Калнур Ормушев: «Мы побуждаем современников обращаться за советом к Мустаю»
Общественность Кыргызстана намерена увековечить имя Мустая Карима, назвав его именем природный объект. Среди инициаторов этого процесса - политик, учёный и государственный деятель КР Калнур Ормушев.
О способе увековечения имени Мустая Карима, о «Великой пятёрке» классиков отечественной литературы, о том, как и зачем нужно заботиться об общей нашей культуре - в беседе с советником ректора Кыргызского национального университета Калнуром Ормушевым.
Калнур Келдибекович - известный в Кыргызстане политик, учёный, государственный и общественный деятель, в трудовой биографии которого - служение народу Кыргызстана в течение десятилетий на важных государственных постах. Его шеф - Канат Садыков, ректор КНУ, входит в оргкомитет по празднованию 100-летия Мустая Карима. Разговор происходит по дороге в урочище Белен-теке ущелья Ак-Суу, в Московском районе Чуйской области Кыргызстана.
– Калнур Келдибекович, как воспринимают в Кыргызстане Мустая Карима и других литераторов плеяды наших общих писателей, классиков советской, отечественной, российской литературы?
– Я благодарю за очень важное слово «плеяда». Слава Богу, мы с вами еще живы и живо поколение, которое было воспитано той самой плеядой деятелей литературы, искусства, не побоюсь даже этого слова, - политиков, общественных деятелей, которые воспитали нашу историческую общность, советский народ, который еще не вымер, разбежавшись по своим национальным квартирам.

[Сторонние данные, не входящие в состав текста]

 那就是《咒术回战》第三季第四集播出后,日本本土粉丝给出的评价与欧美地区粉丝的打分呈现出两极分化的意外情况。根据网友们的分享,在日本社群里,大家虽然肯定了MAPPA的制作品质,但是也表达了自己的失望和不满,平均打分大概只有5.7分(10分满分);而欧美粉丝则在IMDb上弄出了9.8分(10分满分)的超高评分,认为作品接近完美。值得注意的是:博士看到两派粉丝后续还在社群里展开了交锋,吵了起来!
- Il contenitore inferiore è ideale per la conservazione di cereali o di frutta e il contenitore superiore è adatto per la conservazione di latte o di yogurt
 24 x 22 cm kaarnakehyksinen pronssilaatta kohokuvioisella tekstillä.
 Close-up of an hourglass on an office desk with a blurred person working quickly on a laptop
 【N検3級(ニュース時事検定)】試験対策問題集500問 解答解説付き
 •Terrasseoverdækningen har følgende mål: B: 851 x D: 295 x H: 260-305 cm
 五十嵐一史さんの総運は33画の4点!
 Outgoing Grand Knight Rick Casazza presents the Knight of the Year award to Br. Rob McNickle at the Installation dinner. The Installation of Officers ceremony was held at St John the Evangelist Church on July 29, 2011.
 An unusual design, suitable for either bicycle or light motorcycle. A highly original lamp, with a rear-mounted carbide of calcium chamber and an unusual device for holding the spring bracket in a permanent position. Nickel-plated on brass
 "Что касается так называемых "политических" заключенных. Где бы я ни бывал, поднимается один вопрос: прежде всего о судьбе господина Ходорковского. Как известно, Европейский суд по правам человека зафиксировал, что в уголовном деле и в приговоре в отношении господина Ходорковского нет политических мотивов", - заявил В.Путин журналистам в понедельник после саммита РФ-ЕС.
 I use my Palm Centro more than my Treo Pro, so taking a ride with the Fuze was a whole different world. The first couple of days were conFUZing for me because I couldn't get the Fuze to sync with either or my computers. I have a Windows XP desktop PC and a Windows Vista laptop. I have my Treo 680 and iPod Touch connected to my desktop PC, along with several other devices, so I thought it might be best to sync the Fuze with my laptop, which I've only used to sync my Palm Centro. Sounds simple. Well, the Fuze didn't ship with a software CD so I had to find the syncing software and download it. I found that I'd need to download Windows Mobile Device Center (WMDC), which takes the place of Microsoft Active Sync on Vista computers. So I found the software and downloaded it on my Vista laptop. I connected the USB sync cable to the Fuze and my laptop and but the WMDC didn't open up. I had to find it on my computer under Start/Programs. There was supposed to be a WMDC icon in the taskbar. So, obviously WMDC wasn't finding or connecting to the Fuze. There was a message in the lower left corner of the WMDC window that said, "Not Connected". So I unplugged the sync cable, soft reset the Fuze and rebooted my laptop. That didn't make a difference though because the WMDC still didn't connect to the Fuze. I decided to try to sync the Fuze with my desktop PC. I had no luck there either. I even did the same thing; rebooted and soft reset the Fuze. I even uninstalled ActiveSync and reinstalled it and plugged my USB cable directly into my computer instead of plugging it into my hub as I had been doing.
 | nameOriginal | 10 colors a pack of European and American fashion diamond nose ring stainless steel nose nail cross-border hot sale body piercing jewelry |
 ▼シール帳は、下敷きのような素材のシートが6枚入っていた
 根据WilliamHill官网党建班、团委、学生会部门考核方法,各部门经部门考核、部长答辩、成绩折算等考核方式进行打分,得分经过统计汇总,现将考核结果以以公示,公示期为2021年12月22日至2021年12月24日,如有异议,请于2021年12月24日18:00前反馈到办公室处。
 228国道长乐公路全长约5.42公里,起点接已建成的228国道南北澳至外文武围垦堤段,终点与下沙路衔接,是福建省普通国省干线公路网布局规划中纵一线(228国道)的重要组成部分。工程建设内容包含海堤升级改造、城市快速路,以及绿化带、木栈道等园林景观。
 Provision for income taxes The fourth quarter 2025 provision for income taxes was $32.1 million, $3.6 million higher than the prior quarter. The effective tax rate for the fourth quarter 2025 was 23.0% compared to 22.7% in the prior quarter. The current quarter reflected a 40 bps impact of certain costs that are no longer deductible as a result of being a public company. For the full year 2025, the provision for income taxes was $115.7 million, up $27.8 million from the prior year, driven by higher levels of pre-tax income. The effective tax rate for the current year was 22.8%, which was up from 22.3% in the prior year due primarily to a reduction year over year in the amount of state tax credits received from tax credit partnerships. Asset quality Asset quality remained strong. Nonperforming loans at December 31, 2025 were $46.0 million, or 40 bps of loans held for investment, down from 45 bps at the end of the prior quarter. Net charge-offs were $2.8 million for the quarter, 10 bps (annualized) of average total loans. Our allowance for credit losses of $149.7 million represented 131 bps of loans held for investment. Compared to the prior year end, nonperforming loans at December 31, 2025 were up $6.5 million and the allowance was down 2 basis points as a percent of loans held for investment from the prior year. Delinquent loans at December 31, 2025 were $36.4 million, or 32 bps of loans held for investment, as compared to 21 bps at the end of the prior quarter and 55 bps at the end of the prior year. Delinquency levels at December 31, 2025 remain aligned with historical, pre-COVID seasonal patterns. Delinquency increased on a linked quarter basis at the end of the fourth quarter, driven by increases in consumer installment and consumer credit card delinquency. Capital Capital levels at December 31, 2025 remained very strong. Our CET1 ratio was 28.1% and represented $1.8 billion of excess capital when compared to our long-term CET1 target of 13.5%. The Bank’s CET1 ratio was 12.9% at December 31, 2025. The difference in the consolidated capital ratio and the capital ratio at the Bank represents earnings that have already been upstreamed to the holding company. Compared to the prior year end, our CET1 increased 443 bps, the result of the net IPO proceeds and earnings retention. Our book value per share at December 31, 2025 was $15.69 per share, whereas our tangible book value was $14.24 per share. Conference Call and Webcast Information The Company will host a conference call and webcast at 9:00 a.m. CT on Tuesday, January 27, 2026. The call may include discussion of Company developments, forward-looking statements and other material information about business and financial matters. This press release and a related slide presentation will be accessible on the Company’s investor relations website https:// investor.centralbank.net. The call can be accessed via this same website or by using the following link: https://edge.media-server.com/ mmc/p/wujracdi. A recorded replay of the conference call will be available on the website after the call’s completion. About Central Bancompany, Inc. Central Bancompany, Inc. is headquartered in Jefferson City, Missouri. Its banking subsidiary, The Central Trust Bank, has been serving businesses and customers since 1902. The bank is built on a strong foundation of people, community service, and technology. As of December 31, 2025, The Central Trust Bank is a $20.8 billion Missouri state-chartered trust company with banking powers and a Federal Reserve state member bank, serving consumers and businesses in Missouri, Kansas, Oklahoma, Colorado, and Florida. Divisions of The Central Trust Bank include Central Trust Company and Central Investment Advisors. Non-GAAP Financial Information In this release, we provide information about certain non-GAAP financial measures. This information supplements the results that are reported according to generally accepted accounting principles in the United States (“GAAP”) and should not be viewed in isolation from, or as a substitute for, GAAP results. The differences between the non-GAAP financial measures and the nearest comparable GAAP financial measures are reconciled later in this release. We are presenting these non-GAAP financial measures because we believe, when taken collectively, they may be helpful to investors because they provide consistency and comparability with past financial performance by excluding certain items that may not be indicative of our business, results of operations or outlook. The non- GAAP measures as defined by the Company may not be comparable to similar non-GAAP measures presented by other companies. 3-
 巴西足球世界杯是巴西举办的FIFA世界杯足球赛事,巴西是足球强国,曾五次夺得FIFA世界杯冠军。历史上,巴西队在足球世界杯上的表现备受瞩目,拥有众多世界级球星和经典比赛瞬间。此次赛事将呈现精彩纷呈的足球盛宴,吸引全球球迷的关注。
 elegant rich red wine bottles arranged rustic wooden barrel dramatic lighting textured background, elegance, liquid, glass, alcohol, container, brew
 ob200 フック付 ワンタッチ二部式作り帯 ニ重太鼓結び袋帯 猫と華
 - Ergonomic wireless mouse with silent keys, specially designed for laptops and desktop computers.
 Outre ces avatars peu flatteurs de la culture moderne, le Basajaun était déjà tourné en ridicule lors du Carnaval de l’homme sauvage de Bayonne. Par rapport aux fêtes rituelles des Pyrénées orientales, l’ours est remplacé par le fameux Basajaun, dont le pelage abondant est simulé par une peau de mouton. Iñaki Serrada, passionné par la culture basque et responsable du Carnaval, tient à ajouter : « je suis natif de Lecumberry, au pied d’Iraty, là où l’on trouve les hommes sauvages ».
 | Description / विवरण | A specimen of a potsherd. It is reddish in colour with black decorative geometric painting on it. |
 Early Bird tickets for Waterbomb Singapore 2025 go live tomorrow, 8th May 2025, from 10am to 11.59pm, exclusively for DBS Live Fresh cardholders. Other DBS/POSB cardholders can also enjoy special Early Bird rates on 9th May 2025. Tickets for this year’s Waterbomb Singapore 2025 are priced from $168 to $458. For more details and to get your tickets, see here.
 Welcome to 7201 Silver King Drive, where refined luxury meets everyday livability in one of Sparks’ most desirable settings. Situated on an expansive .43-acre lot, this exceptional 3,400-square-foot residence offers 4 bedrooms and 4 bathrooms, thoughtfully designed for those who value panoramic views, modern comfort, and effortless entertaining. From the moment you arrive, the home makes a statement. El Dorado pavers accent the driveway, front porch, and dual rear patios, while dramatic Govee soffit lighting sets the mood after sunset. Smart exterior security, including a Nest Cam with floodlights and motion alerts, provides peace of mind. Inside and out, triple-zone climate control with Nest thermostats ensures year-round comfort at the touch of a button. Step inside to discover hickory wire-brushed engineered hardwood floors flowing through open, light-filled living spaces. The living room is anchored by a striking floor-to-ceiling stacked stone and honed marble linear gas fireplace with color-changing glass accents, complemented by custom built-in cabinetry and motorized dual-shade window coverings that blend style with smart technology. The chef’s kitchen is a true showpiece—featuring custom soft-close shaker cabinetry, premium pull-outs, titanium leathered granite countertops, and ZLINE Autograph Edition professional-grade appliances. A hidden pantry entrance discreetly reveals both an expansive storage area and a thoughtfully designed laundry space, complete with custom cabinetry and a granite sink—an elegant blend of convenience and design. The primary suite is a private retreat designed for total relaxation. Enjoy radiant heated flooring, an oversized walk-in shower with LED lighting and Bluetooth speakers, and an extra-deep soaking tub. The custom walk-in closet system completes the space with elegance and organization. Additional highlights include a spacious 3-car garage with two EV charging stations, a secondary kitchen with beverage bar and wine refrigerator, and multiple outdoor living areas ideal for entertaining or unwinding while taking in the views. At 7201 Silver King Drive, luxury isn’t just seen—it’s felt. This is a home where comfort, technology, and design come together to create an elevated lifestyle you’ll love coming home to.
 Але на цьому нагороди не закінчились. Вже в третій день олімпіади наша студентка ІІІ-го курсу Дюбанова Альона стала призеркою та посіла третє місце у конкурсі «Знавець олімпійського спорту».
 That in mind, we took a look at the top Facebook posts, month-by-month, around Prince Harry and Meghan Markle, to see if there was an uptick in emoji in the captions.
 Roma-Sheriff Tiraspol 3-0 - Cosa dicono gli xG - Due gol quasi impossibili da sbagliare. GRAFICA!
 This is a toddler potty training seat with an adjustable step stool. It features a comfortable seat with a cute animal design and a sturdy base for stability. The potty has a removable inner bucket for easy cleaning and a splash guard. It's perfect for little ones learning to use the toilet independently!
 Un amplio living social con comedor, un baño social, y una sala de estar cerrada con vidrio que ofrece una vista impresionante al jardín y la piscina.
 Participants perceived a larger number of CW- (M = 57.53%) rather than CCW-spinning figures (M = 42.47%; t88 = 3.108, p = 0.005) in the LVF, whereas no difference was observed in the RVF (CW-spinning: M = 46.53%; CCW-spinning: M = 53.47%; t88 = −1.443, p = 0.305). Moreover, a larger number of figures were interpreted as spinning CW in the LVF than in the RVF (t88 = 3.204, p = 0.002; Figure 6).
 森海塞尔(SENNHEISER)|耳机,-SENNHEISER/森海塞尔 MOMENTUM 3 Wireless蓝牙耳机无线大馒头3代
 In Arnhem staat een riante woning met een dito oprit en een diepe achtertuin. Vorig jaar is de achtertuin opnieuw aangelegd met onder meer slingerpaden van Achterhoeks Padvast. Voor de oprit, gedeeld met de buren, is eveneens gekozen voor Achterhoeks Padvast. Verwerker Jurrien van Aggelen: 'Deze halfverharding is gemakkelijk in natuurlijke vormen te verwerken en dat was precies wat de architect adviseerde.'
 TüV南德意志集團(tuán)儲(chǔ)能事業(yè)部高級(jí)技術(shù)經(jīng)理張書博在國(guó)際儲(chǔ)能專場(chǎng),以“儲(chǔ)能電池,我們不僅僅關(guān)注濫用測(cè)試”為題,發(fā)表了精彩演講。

Мы в Кыргызстане воспринимаем Мустая, прежде всего, как выдающегося российского и башкирского литератора, поэта, как фронтовика, как деятеля той самой культуры, которая формировала духовность нашего народа. И прежде всего, как члена, как мы здесь называем, «могучей пятерки»...
– Кто туда входит?
– Мой великий соотечественник Чингиз Айтматов. Аварец, дагестанец Расул Гамзатов, балкарец Кайсын Кулиев, калмык Давид Кугультинов. И, конечно, Мустай Карим, столетие которого готовится встретить прогрессивная культурная общественность на международном уровне…
– Как я понимаю, в Кыргызстане тоже?
– В Кыргызстане тоже. То, что я с вами беседую, – это живое доказательство того, что я не голословен. Здесь, в Кыргызстане, нами, представителями киргизской общественности, - и не только литературно-культурной, а в принципе, широкой общественности - выдвинута идея одну из гор в Киргизии назвать именем Народного поэта Башкортостана Мустая Карима. Вот в Киргизии есть пик Ленина, пик Владимира Путина, пик Победы… Это пики, они очень высокие, они доступны только специально подготовленным людям, либо весьма богатым, у которых есть вертолеты. А мы тут просили бы наше киргизское руководство, которое уполномочено давать наименования, дать имя Мустая горе, более доступной, которую могли бы посещать широкие массы: и молодые, и пожилые, и писатели, и студенты. Дать имя Мустая Карима одной из вершин Киргизии, невысоких, в зоне доступности, а не где-то далеко-далеко, вне пределов досягаемости…
– … чтобы это могло быть туристическим, культурным объектом…
– Да, что туристическим, культурным объектом. Местом «паломничества» тех, кто озабочен проблемой духовности, тех, кто любит литературу и искусство, тех, кто любит Мустая и поэзию. И я надеюсь, что эта инициатива не закончится, не завершится на имени Мустая, а может быть, и имена других поэтов, писателей…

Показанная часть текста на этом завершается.